Eine Bürgerbefragung, deren Antworten mehrheitlich in die gleiche Richtung wiesen, und zwei von Experten moderierte Workshops mit der Beteiligung vieler gesellschaftlich relevanten Gruppen später, zeigten die ersten Konturen. Und die Zielgruppen waren schärfer definiert. „Wir können natürlich nicht alle Märkte gleichzeitig in gleicher Intensität bearbeiten“, sagt Wagener. Deshalb, und weil im Standortentwicklungskonzept ganz konkret formuliert sei, dass die Zahl der Touristen und Übernachtungen in Kevelaer wieder signifikant steigen müsse, wolle man sich eben als erstes auf Touristen als Zielgruppe konzentrieren.
Die Markenbotschafter
Dennoch weiß auch Wagener, dass die Kevelaererinnen und Kevelaerer „die wichtigsten Markenbotschafter“ ihrer Stadt sind. „Wenn Bürgerinnen und Bürger das Kevelaer-Feeling nach außen tragen, ist das die beste Werbung, die man haben kann.“
Wie sieht‘s denn nun aus, das „Kevelaer-Feeling“, das nach all den Analysen, Workshops und Gesprächen herausgekommen ist? Der „Markenkern“ hat drei Elemente: „Seele“ (steht für Wallfahrt, Spiritualität, auch für Mensch-Sein unter Menschen), „Flair“ (steht für Atmosphäre, Stimmung, Ausstrahlung, Faszination), „Bewusst-Sein“ (steht für Bewusstsein und sich bewusst sein, Achtsamkeit, Ruhe, zu-sich-kommen).

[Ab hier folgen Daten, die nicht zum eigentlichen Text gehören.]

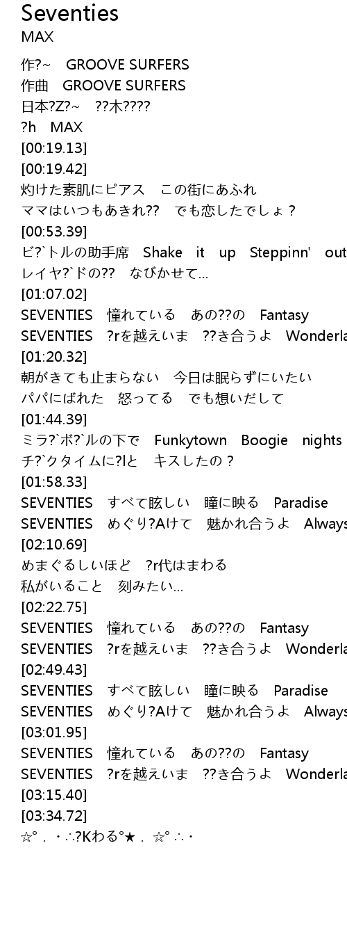 | [03:08.74] | SEVENTIES ?rを越えいま ??き合うよ Wonderland |
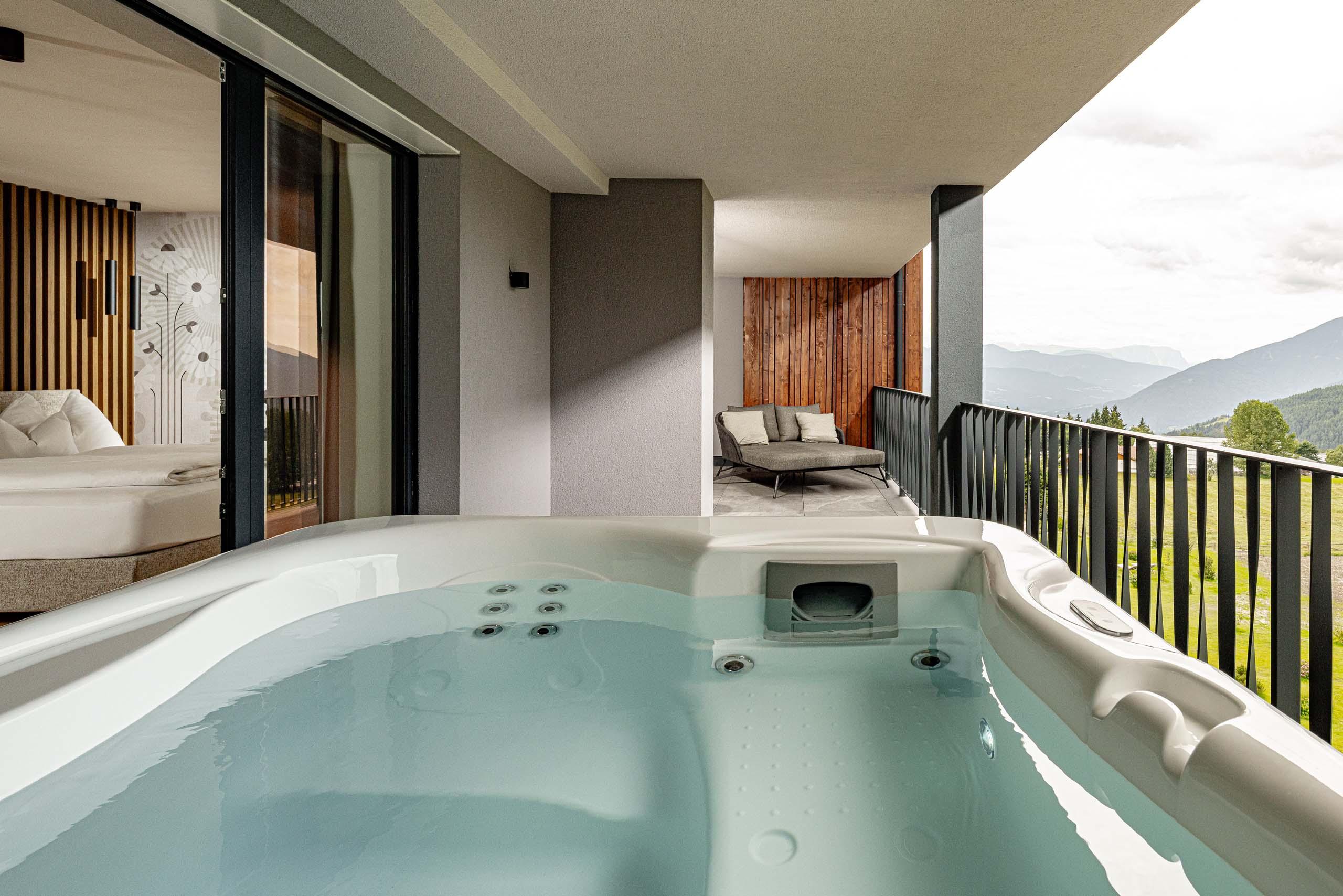 Die Spa Suite ist Ihre perfekte Private Spa Experience. Auf dem großzügigen Balkon erwartet Sie Ihr privater Whirlpool, der pure Entspannung und einen unvergleichlichen Blick in die Weite bietet. Ein einzigartiger Rückzugsort für besondere Momente voller Luxus und Ruhe.

Wohlgemerkt handele es sich dabei um den Kern der Marke, der so direkt nicht nach außen kommuniziert werde, stellt Nicole Wagener klar. Vielmehr bildeten die drei für Kevelaer stehenden Begriffe die Grundlage, etwa für Werbebotschaften, aber auch für die Entwicklung eines Logos und eines einheitlichen „Corporate Designs“.